Restaurants Roasting People Who Gave Them Negative Yelp Reviews (25 Pics)
Tonight's Jeopardy categories were "Star Trek, Action Figures, Dinner For One, In Need of a Date, Still Living With Mom & Dad, You Have No Life." Beginning to think my life is the Truman Show.
He looked at me like he has never had a girl throw up on him before.
I love how you are more concerned with what i call my penis than the fact i wanna bone some high school chicks
Out of all the things I've put my penis in, this seems the most unfortunate.
Her hair goes down to her lower back and nobody was there to held it back for her. She looked like chewbacca dipped in vomit.
Woman Posts Harassing DMs From Creep Online, Now He’s Upset Because People Told His Mom
There's always a certain something about a day that begins with your panties in your purse.
I need to make a new year's resolution to only pee in toilets.
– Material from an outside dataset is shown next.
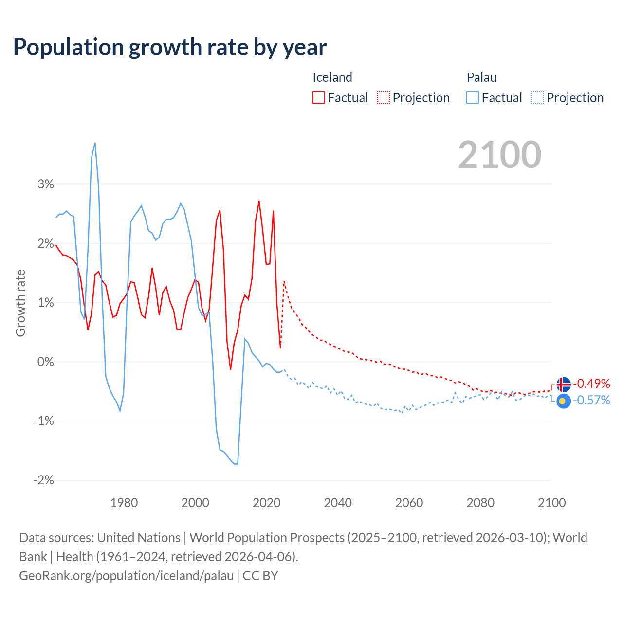 - For the last 10 years, Iceland has had an average growth rate of +1.63% per year vs +0.02% in Palau.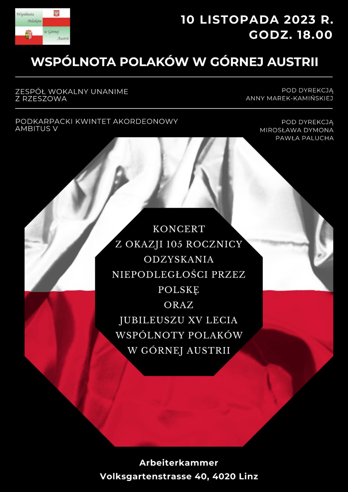 10 listopada 2023 r. w Linz w Austrii odbył się koncert Podkarpackiego Kwintetu Akordeonowego Ambitus V pod dyrekcją Mirosława Dymona, z okazji 105. rocznicy odzyskania niepodległości przez Polskę i 15. rocznicy istnienia Wspólnoty Polaków w Górnej Austrii. Kwintet w składzie: Paweł Paluch, Tomasz Blicharz, Weronika Sura, Mariusz Siuśta, Mirosław Dymon, wykonał utwory kompozytorów polskich: Tomasza Kiesewettera, Michała Kleofasa Ogińskiego, Bronisława Kazimierza Przybylskiego, a także Roberta Schumanna, Ferenca Farkasa i Leona Boellmanna. Współwykonawcami koncertu był zespół wokalny „Unanime” pod dyrekcją Anny Marek – Kamińskiej. Oprócz polskiej społeczności z Górnej Austrii w uroczystości wzięli udział także zaproszeni goście: konsul Ambasady RP w Austrii Grażyna Karubin, prezes Izby Pracy Górnej Austrii Andreas Stangl, przedstawicielka związków zawodowych Sanja Sovic, przedstawicielka Biura Integracji Miasta Linz Daniel Höllinger, przewodnicząca Rady Doradczej ds. Migracji i Integracji w Linzu Krisztina Balint.

And it needs to start happening before the new year.
someone needs to name a hurricane after you
Hey I consider Sunday's trip to the ER a success. You're alive and now you know for sure you're not pregnant. I got my highest ever Tetris score. Wins all around.
You hit your head and proceeded to fall in the floor, curl up in my lap and make me rock you like a small infant. I was beginning to worry until you started to sing "Rock me momma like a wagon wheel".
Is it bad that whip cream tastes like sex to me?